I listened to Betsy DeVos' opening remarks to the Department of Education staff today, and was grateful for the Masters in Euphemistic Double Speak I earned under the various prior administrations at my schools and in the greater Education world.
Phil Rosenfelt, the long time Department Acting person spoke in code to his old colleagues, reminding everyone that all of them took an oath to uphold the Constitution and their mission was for equity and opportunity for the children, He spoke about the same length of time as Betsy on the importance of trying to listen to one another. (I remember once when I tried to gently suggest that to an administrator--, didn't work very well.) He did not give Betsy an effusive introduction, but was professional, respectful and welcomed her.
Betsy said all the things she thought she was supposed to say, that she would work with those who had been for her and those who had been against her, that she was an open door person (oddly, no one who has ever told me that as a boss actually was).
But careful as she was, there were a couple of places where she let slip what her actual perspective was.
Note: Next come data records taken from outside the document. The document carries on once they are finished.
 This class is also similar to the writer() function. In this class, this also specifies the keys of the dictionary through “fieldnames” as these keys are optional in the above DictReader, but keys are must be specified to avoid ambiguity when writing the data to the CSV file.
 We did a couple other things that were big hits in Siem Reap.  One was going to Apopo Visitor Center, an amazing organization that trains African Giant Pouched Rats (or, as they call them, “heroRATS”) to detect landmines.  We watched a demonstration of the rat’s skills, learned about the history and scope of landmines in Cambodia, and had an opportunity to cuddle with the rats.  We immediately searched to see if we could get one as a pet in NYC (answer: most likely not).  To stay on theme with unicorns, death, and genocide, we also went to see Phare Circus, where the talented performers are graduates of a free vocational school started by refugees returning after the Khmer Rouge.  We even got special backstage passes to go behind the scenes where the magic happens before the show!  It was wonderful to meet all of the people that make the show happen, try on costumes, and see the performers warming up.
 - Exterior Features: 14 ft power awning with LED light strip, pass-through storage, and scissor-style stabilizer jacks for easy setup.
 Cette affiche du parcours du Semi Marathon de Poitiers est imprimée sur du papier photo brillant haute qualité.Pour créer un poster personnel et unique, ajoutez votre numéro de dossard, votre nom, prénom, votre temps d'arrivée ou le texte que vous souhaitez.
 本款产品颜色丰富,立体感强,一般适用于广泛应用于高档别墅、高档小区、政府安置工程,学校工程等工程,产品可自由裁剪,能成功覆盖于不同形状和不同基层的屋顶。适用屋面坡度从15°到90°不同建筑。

She said all children are born with innate curiosity and wanted to learn, but there were problems. The problems were the adult humans around them who got in the way.
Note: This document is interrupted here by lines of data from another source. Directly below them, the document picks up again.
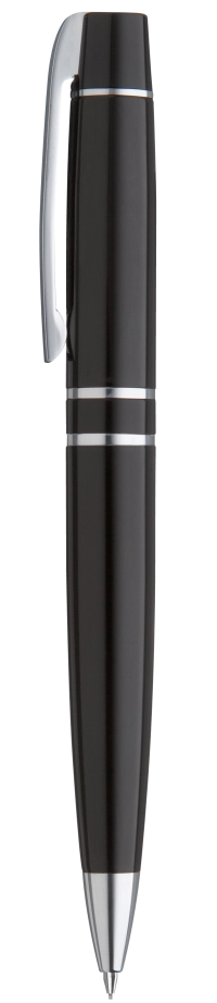 Metall-Rollerball mit gefedertem Clip und schwarzer Gummigriffzone. Beschlagteile glanzverchromt.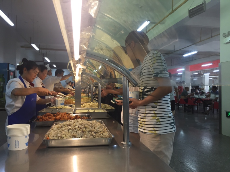 正是在这样连出门都是种考验的天气,一食堂一楼的工作人员在暑假期间依然辛勤劳作在后勤餐饮保障服务的第一线,为留校师生提供餐饮服务。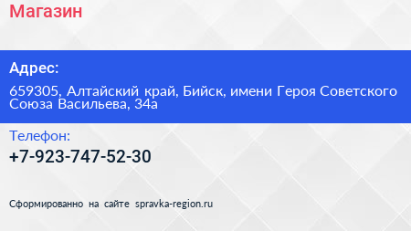 Магазин по адресу 659305, Алтайский край, Бийск, имени Героя Советского Союза Васильева, 34а в дальнейшем Организация, размещена в следующих категориях: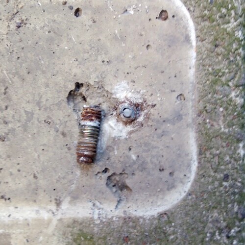 本体持ち手にハンマーヘッド付です。切断後のアンカーボルト突起残を叩いて沈めるハンマーに。 |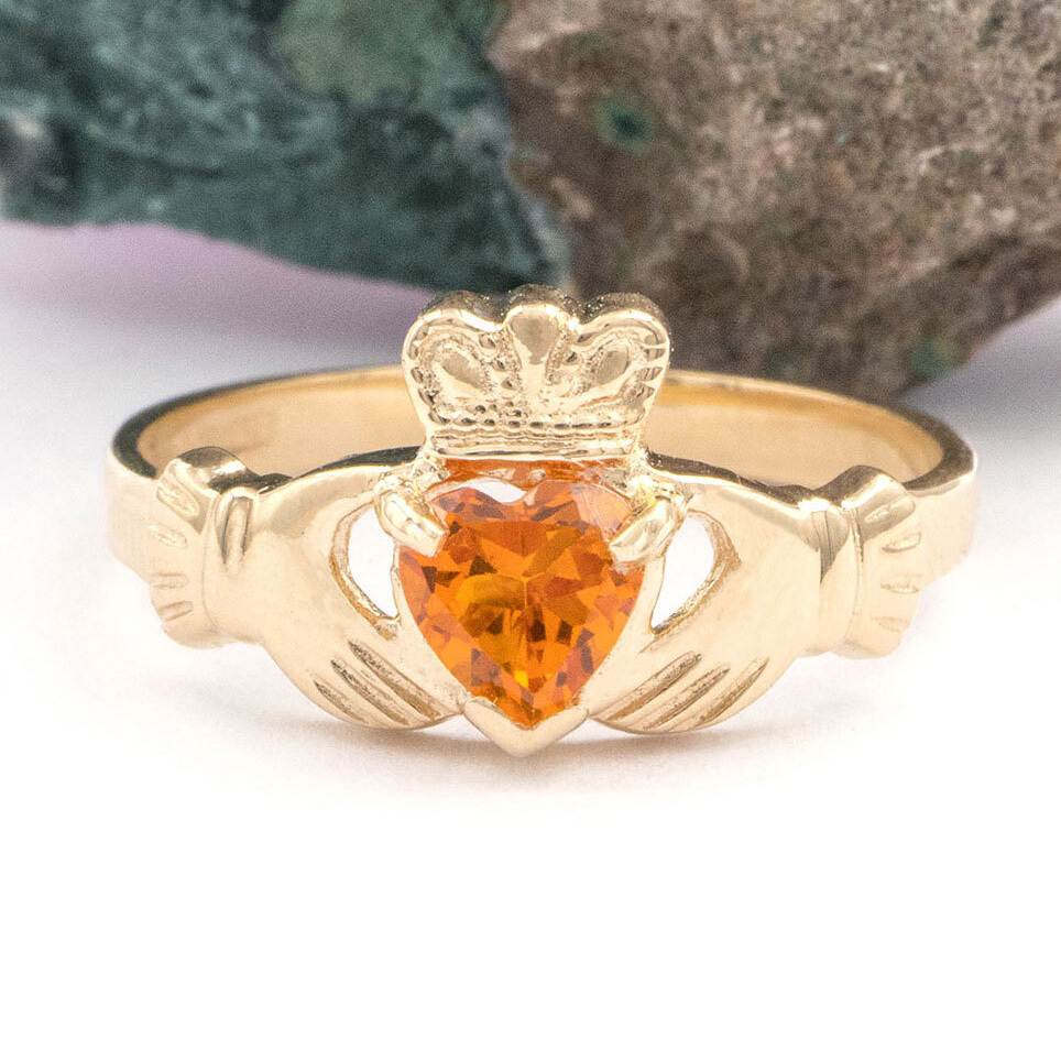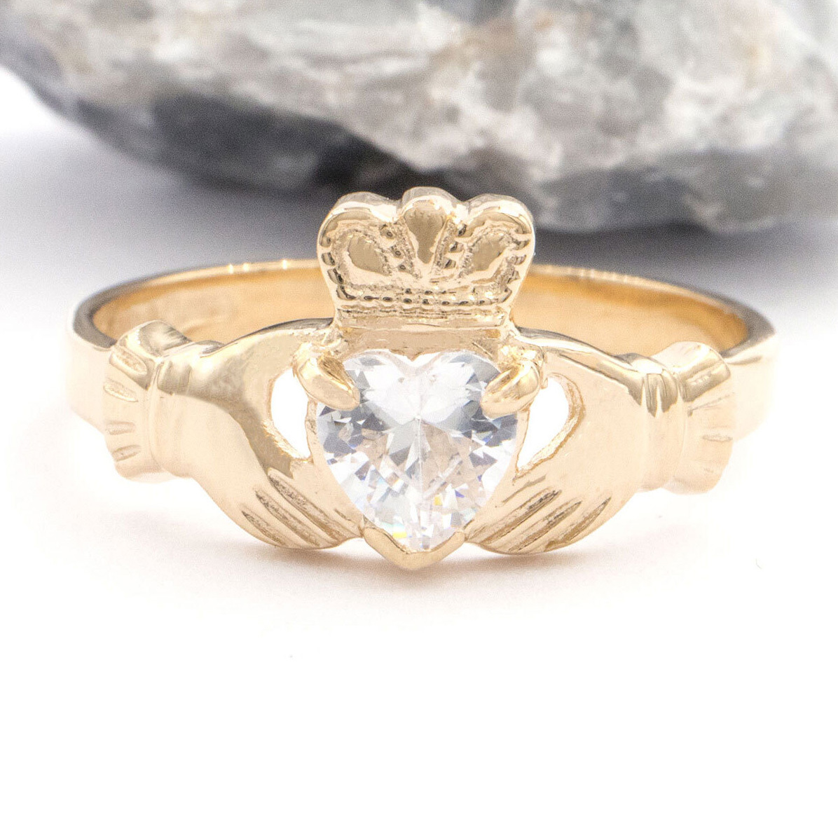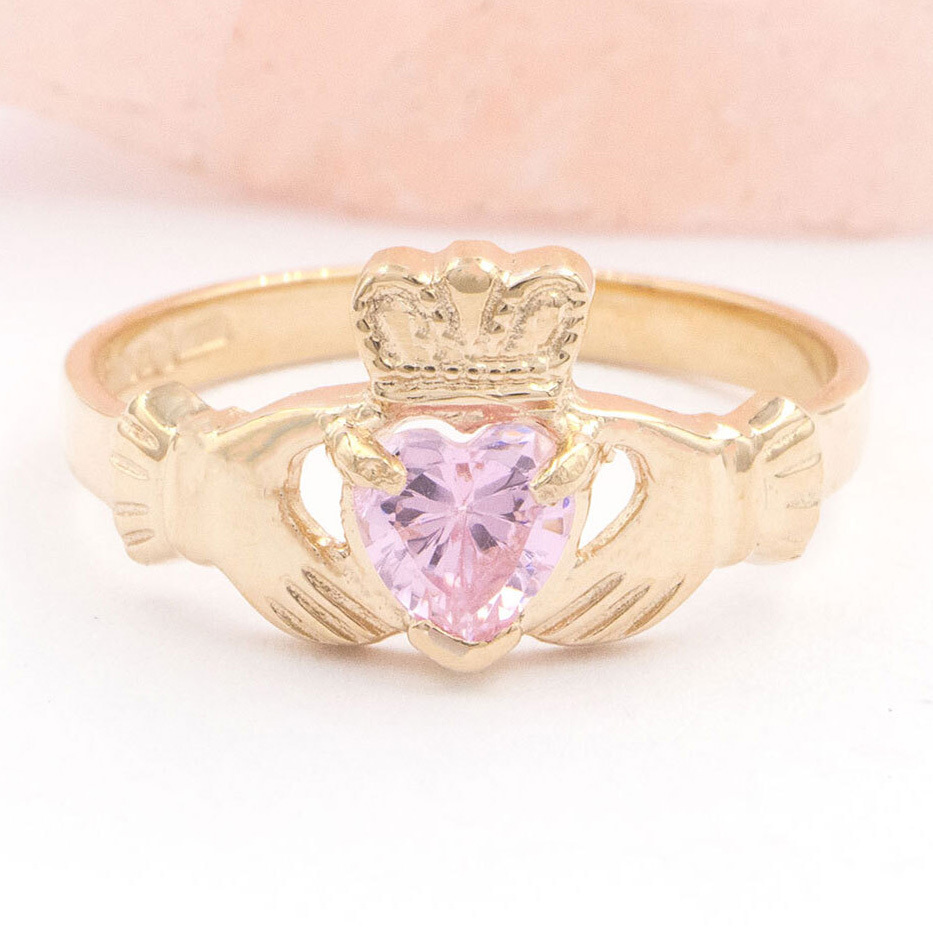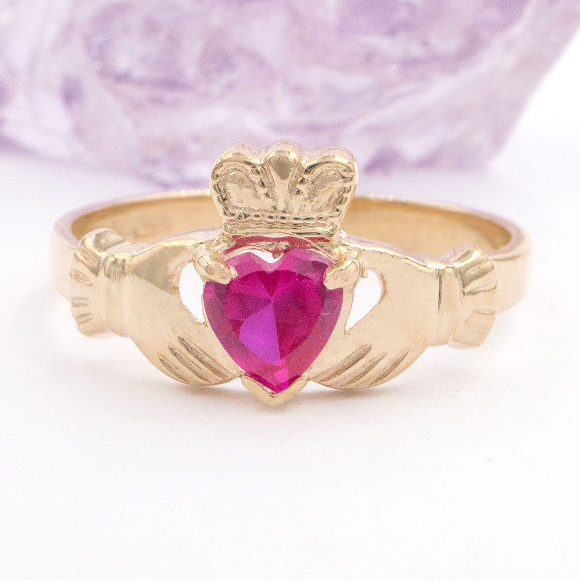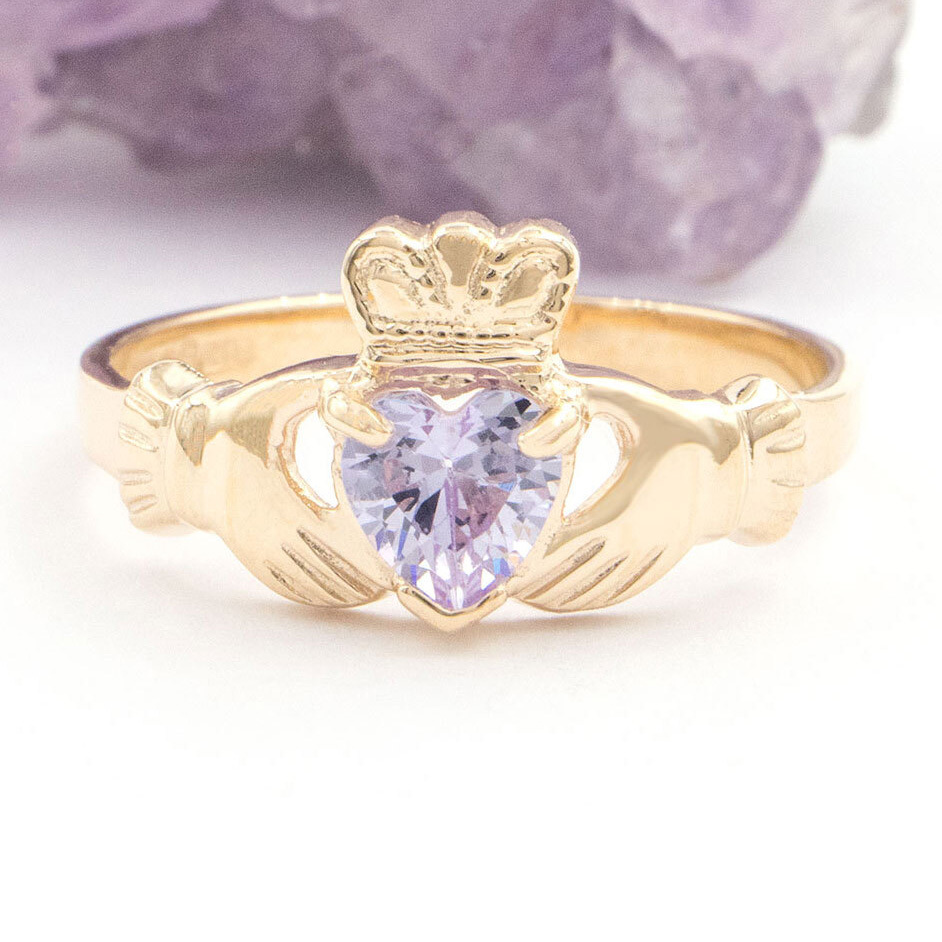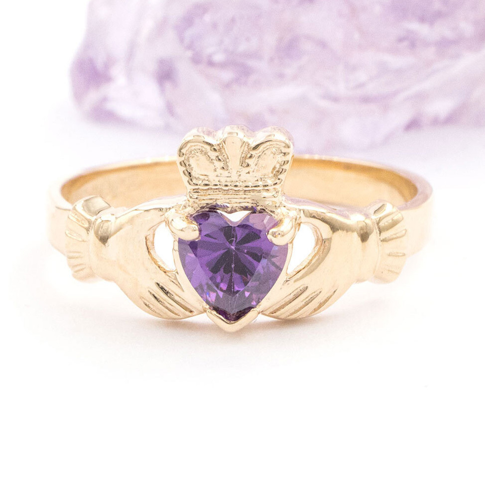 Make this classic 10K gold Claddagh your own with your choice of sparkling CZ birthstone.

It doesn't take much to figure out that the adult humans she considers in the way are teachers. A word she could not bring herself to use. She spoke of educators, but not in proximity to words about students.
I am always suspicious of officials who call everyone who works in the education field Educators. It's always seemed to me a way of equating very different jobs as the same. Someone who works in an office all day and struggles with a word processor or spreadsheet in equated with the person who manages interactive learning in a classroom with a substantial group of young people every day. The jobs just aren't close enough to call them the same job. But I think the reason Betsy couldn't say the word teacher is because she really doesn't want to acknowledge them other than as the problem for our children's learning.
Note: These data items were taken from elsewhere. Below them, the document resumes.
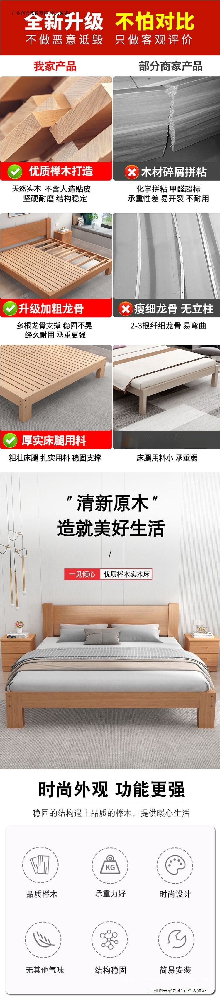 너도밤나무 원목 침대 모던 심플 1.8m 더블 싱글 침대 1.5 홈 렌탈 다다미 심플 침대 프레임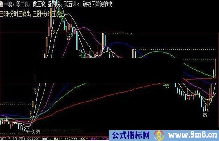 drAWTEXTABS(0,60,'三阳+分时三浪出 三阴+分时三浪进'),LINETHICK1,coloryellow,layer0;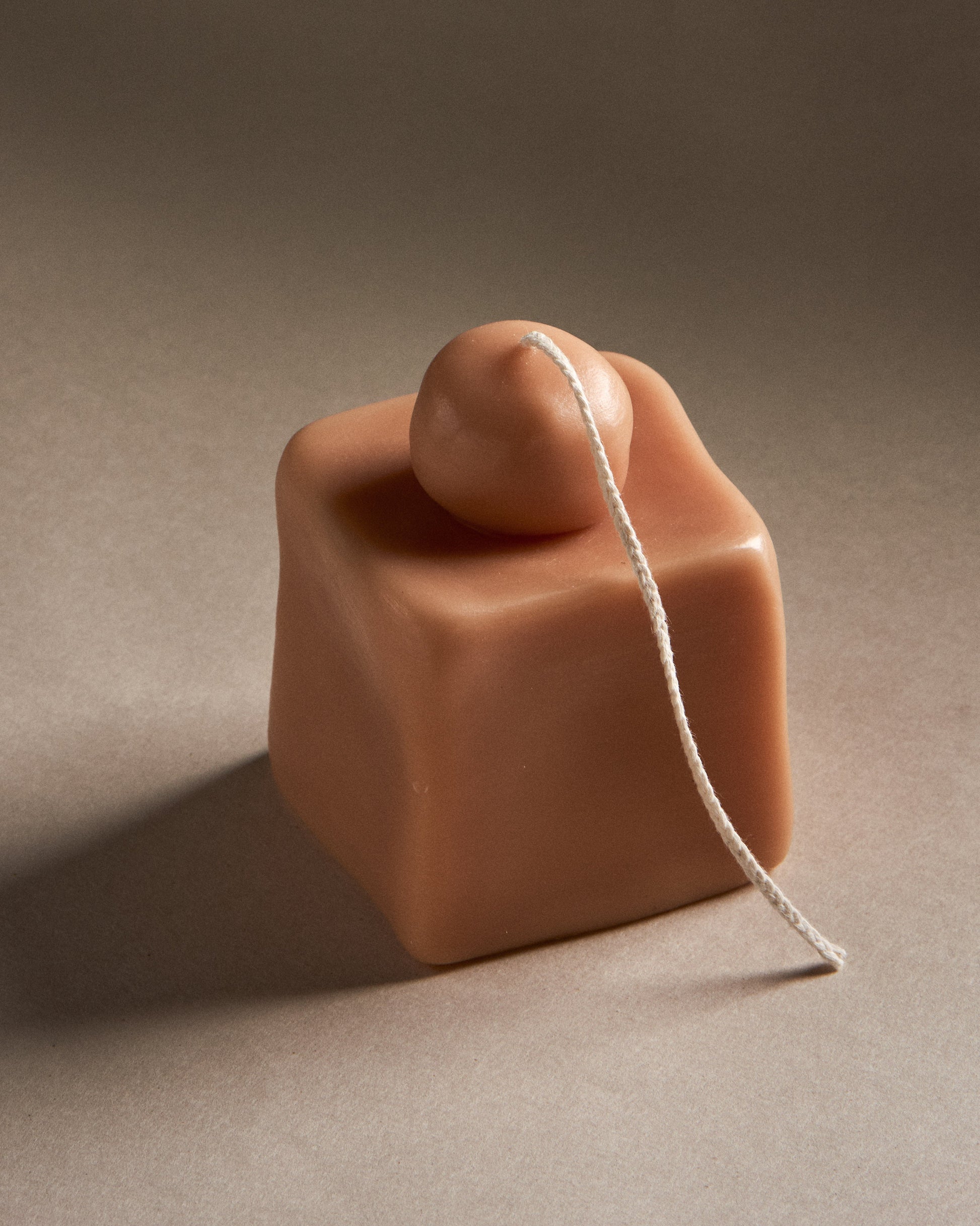 Bring an artful warmth to any tabletop or mantel with this handmade candle. Fonz offers a unique silhouette with a ball playfully perched atop the fluid lines of a gently shaped cube. Each candle is made with a soy wax blend poured into a mold and finished to form with a sculpting knife.

Another place she gave a bit of her "vision" away is that she said she was there to create something "new and transformative." Let me also say, I'm a bit skeptical of anyone who declares themselves able to create transformation. In spite of amazing magic shows and a multitude of "thought leader" consultants these days, real transformation of anything is a tough thing to do, especially with humans. But the difficulty of transformative learning wasn't what she was talking about.
What she did mean sent a chill up my spine. She used another phrase, "New world class education opportunities."
She was saying outright that she intended to change everything-- Transformation is not fixing around the edges. It's not losing a dress size. It's not fixing the furnace, mending the roof, and painting the rooms. Transformative is when you knock down the 4 bedroom 2 bath you bought, haul all the pieces to the dump, and put a McMansion with faux stone, fancy chandeliers, and very little insulation on the vacant lot.
I knew, right then-- though she had been fairly careful to avoid many Edu-triggers from the old jargon, (no schools improvement, no accountability talk) --- I knew that she had not reconciled herself to anything less than a complete knock down and rebuild.
She encouraged everyone to listen carefully. I did, and I felt like the first time I watched the Shining.